Все это заставило Карла Драгоша еще более задуматься. Он инстинктивно
чувствовал, что дело нечисто, что произошла какая-то грязная махинация,
цель которой была ему еще неясна, но, возможно, что подсудимый как раз и
явился ее жертвой.
Это впечатление еще более укрепилось, когда по возвращении в Землин он
узнал ход следствия. В конце концов, после двадцати дней оно не
продвинулось ни на шаг. Не открыли ни одного сообщника, ни один свидетель
формально не признал узника, против которого не оказалось других улик,
кроме того, что он изменил свою внешность и владел портретом, на котором
стояло имя Ладко.
Эти обвинения, присоединенные к другим, могли бы стать важными, но в
отдельности теряли всякую ценность. Может быть, даже и переодевание и
присутствие портрета имели законную причину.
Карл Драгош в таком состоянии духа склонялся к снисхождению.
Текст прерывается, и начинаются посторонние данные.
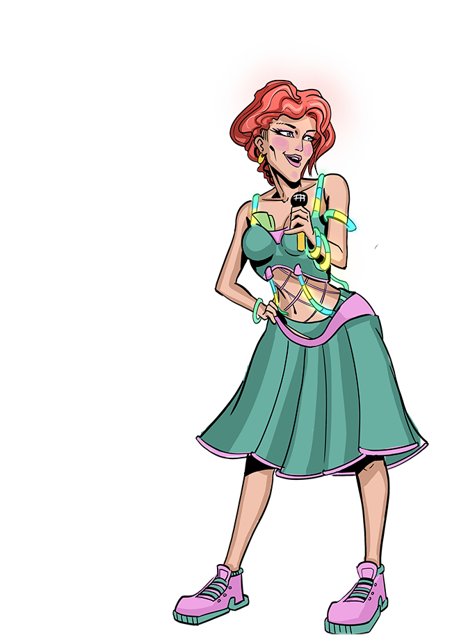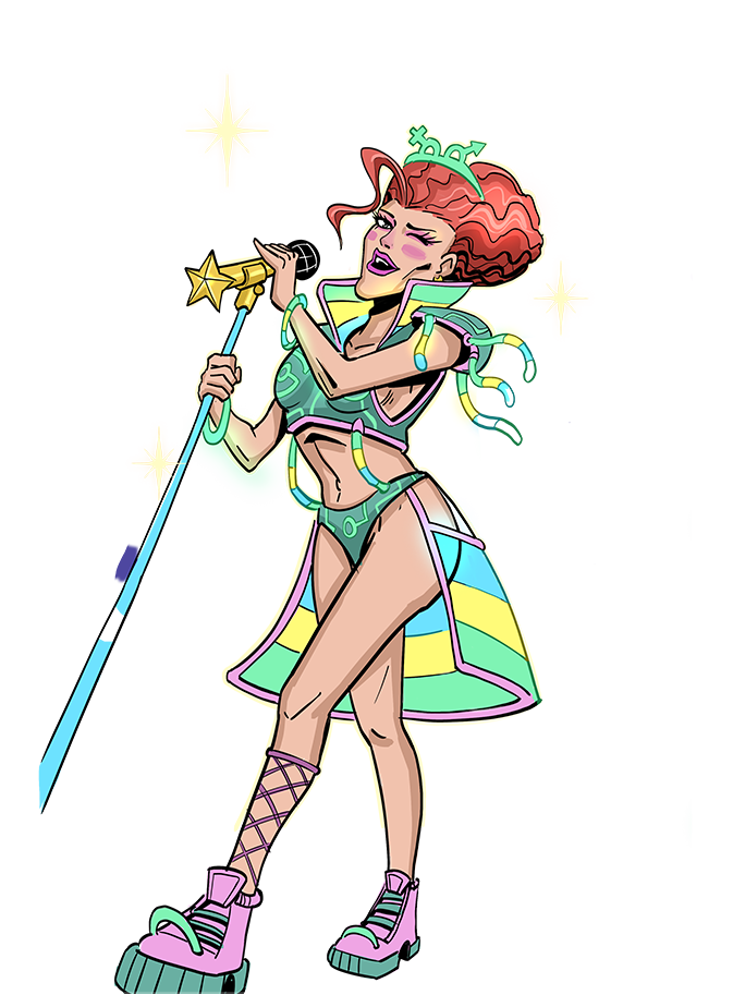 At first, she was just a voice born in a galactic wash station. A vibrant, powerful, insolent voice that sang of queer love, toxic glitter, and freedom under neon lights. A voice that couldn't be ignored, and today, she's an icon of Clint City, where she roams in limousines suspended by drones, with iridescent aluminum capes, interstellar mascara, and a half-human, half-holographic crew. Her style? Ultra pop glam-trash, between kitsch genius and emotional uppercut. Her latest album? Cosmic Tears on a Latex Dancefloor, number 1 on all the charts – even among the Oculus (yes, even Valosy cried). The Uppers love her for her magnetic aura and her ability to make the like counters explode in the red zone.

Вот почему он
невольно глубоко растрогался от наивного доверия Сергея Ладко,
проявленного в таких обстоятельствах, когда было бы извинительно не
довериться даже самому близкому другу.
Но разве невозможно было совместить чувство жалости с профессиональным
долгом, заняв, как прежде, место на барже? Если Илиа Бруш в
действительности звался Ладко и если этот Ладко был преступником, Карл
Драгош, присоединившись к нему, выследит его сообщников. Если же,
напротив, лауреат "Дунайской лиги" невиновен, быть может, он все-таки
приведет к настоящему преступнику, который воспользовался расследованием в
Сальке, чтобы отвести от себя подозрения.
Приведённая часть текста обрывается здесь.